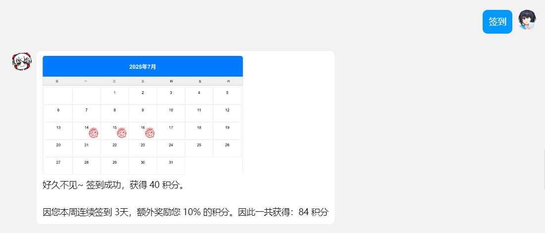 - 增加了 重复签到、非连续签到、连续签到 对应的自定义回复
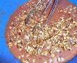 Intr-un vas mai mare amestecam faina, zaharul, praful de copt si cacaoa, iar peste, punem apa, uleiul si esenta de rom. Amestecam cu un tel,astfel incat sa nu se formeze cocoloase, dupa care adaugam nuca. Amestecam bine si turnam compozitia intr-o tava tapetata cu hartie de copt. Dam la cuptorul preincalzit 180° pt circa 30 minute (facem testul scobitorii).
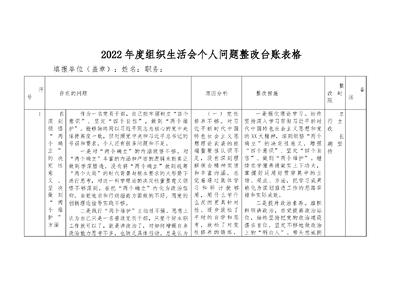 2022年度组织生活会个人问题整改台账表格.docx
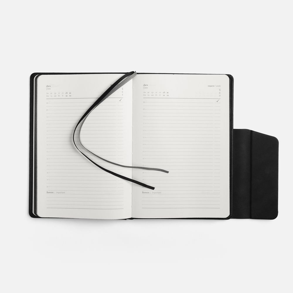 Ежедневник с твердой обложкой и фигурным магнитным клапаном, дополнен капталом и двойным ляссе.

ACTIVITY - Set down all of the data word for word; no pictures belong in it.

OUTPUT OF THE EXERCISE -
 - 增加了 重复签到、非连续签到、连续签到 对应的自定义回复
 Intr-un vas mai mare amestecam faina, zaharul, praful de copt si cacaoa, iar peste, punem apa, uleiul si esenta de rom. Amestecam cu un tel,astfel incat sa nu se formeze cocoloase, dupa care adaugam nuca. Amestecam bine si turnam compozitia intr-o tava tapetata cu hartie de copt. Dam la cuptorul preincalzit 180° pt circa 30 minute (facem testul scobitorii).
 2022年度组织生活会个人问题整改台账表格.docx
 Ежедневник с твердой обложкой и фигурным магнитным клапаном, дополнен капталом и двойным ляссе.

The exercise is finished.